Out of the 274 runners that had taken on the challenge of the 105 mile journey of the Lake District, 150 of them were unable to successfully complete it. There are many reasons for such a high non-completion, which equates to a 55% drop-out rate, however, no matter what the end result, every runner that stepped up to the start line to take on the amazingly demanding challenge of the MONTANE® Lakeland 100 is in essence a winner. Some may be disappointed with their performance; however I would imagine most, like myself, are feeling a real sense of pride at having really challenged and extended themselves. Each runner will have their own individual story, but if their story is anything like mine, the end result is that they are a stronger and richer person.
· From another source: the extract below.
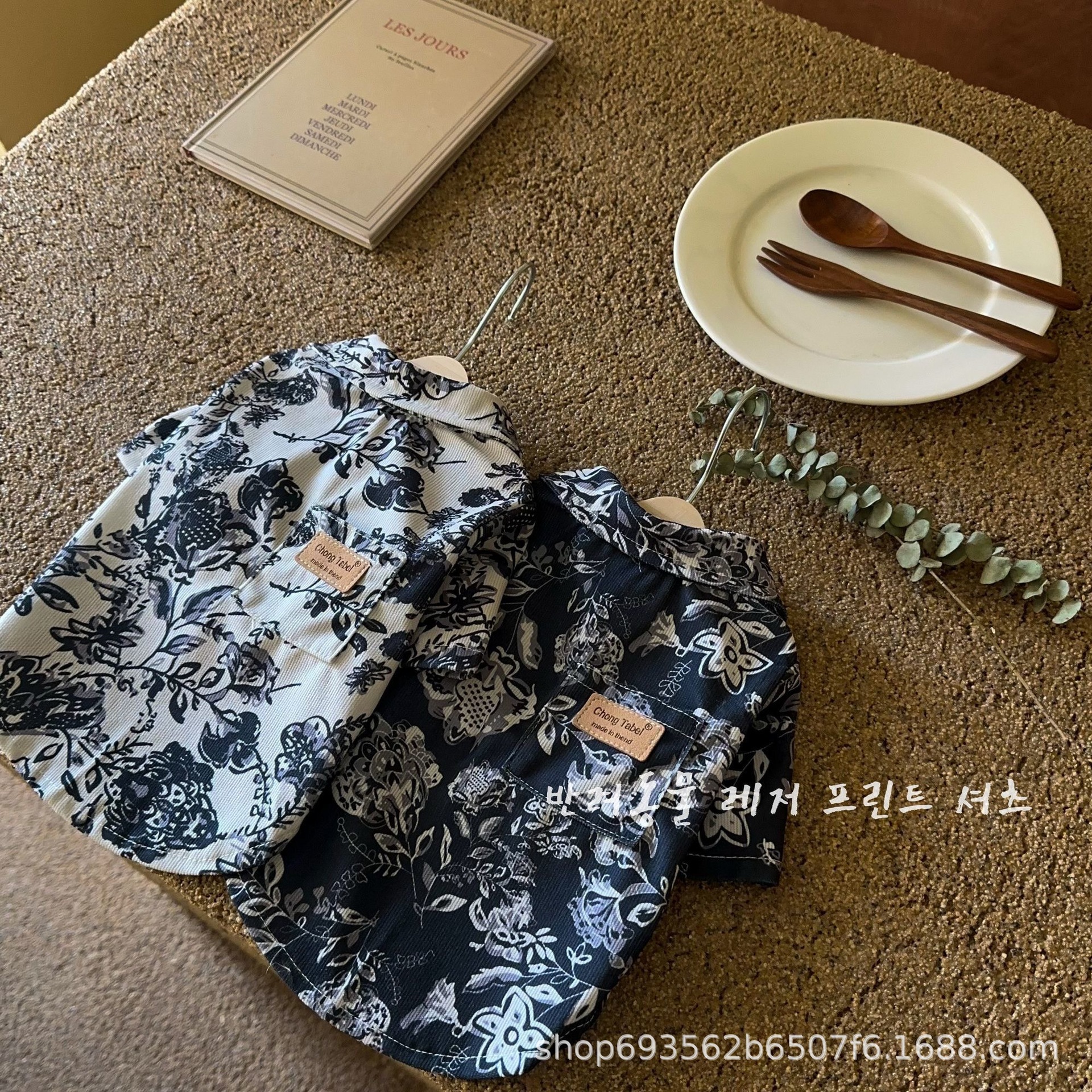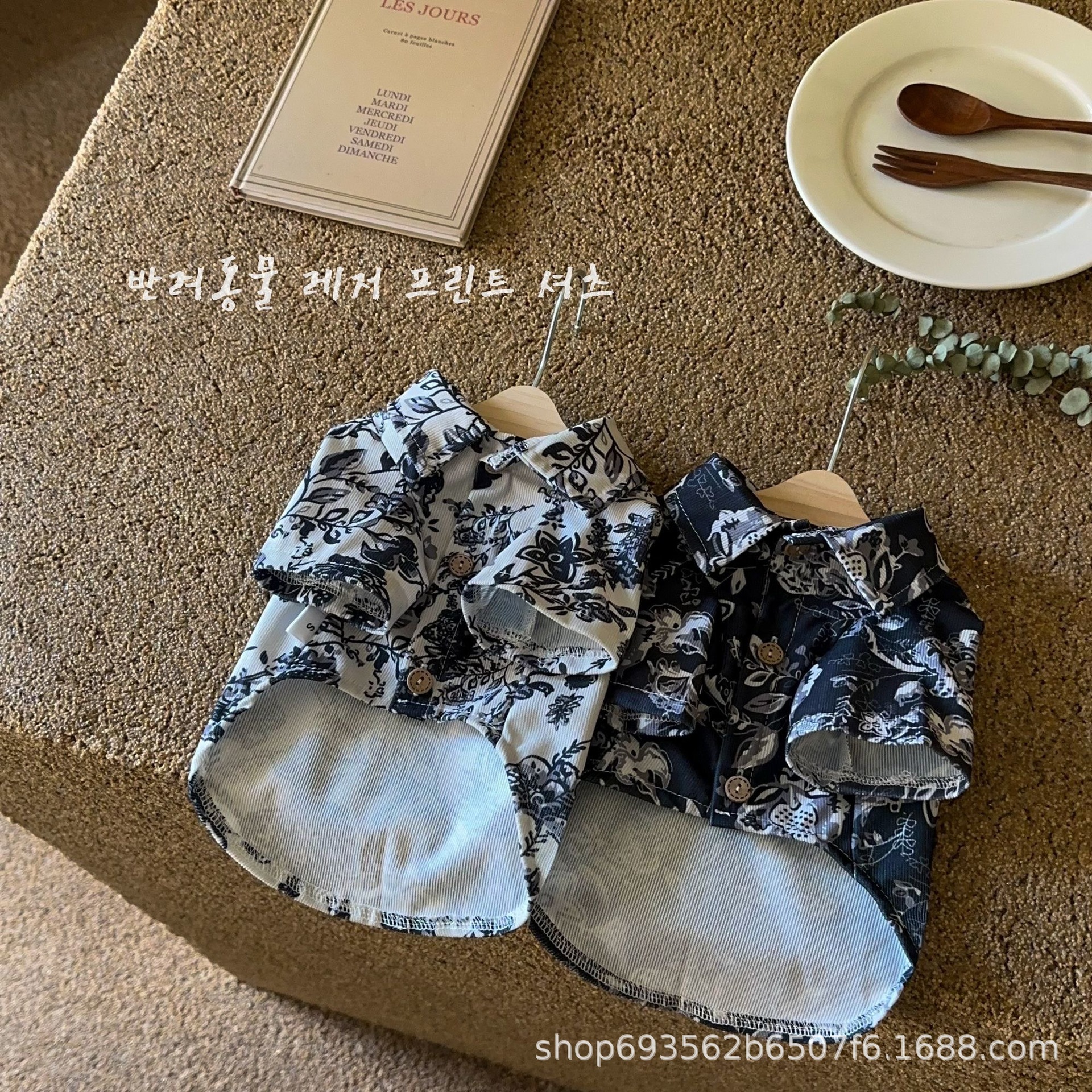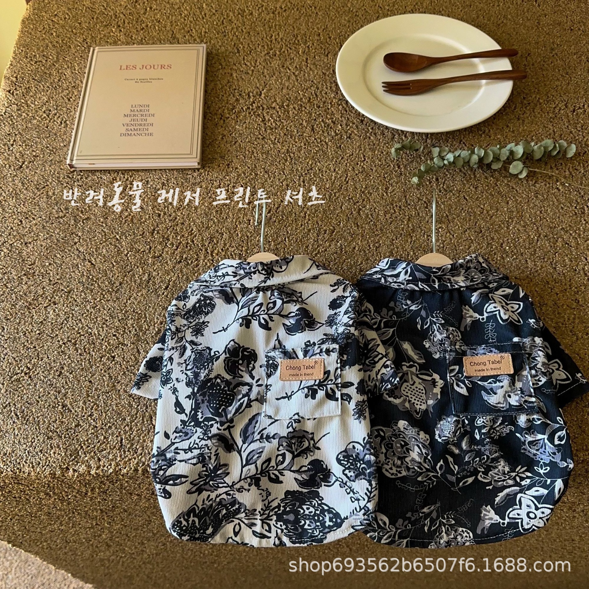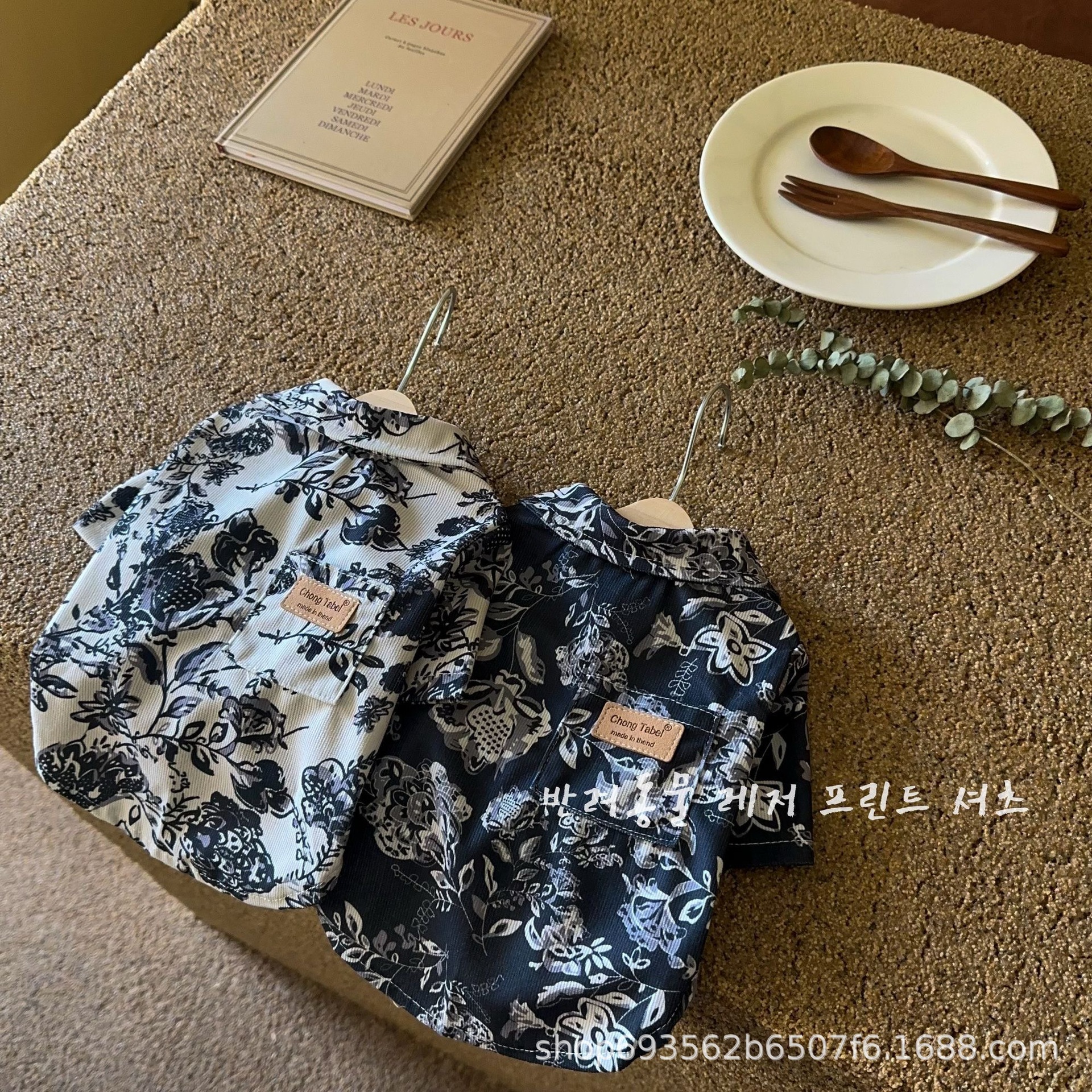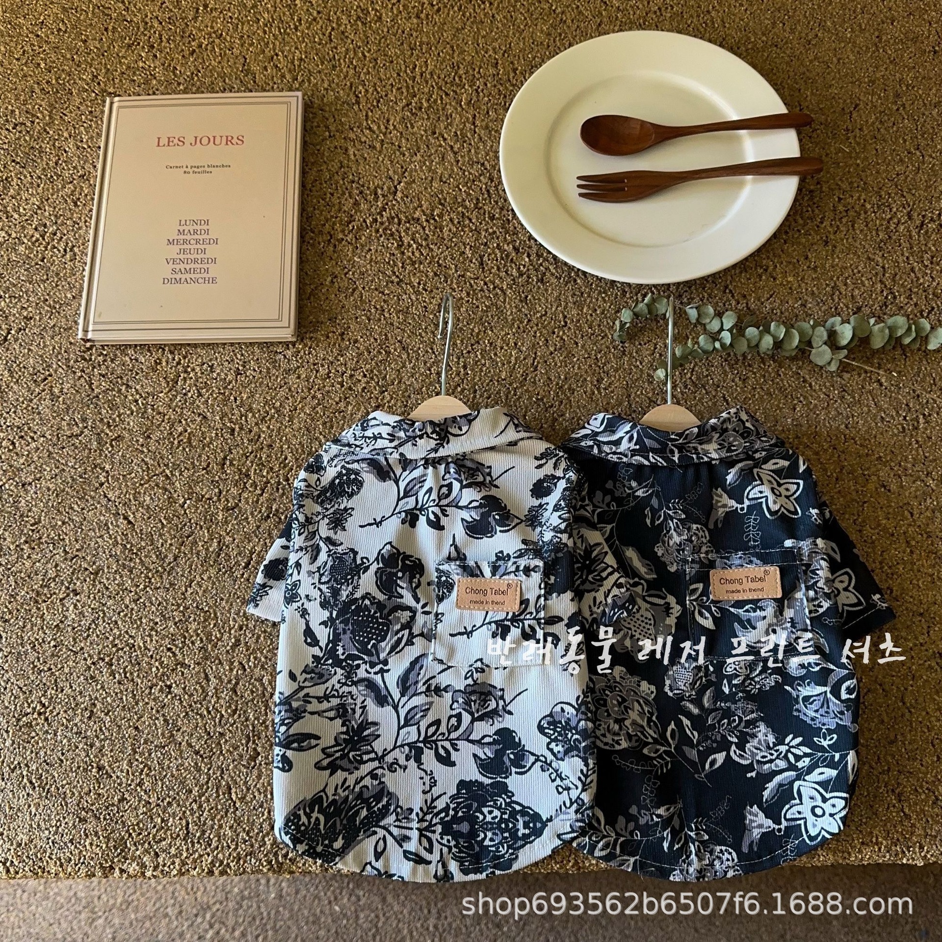 개 옷 여름 얇은 복고풍 꽃 셔츠 슈나우저 비숑 코기 테디 프렌치 불독 유니버설 애완 동물 옷스토어 가기

Thanks to absolutely everyone that was involved in making the MONTANE® Lakeland 100 the most fantastic successful event one could ever do. Thanks to everyone that helped me on my journey in both the preparation for and the accomplishment of it. Your support is really, really appreciated, and I know one thing for sure, I would not have been able to achieve such a successful performance without this support. A huge thank you.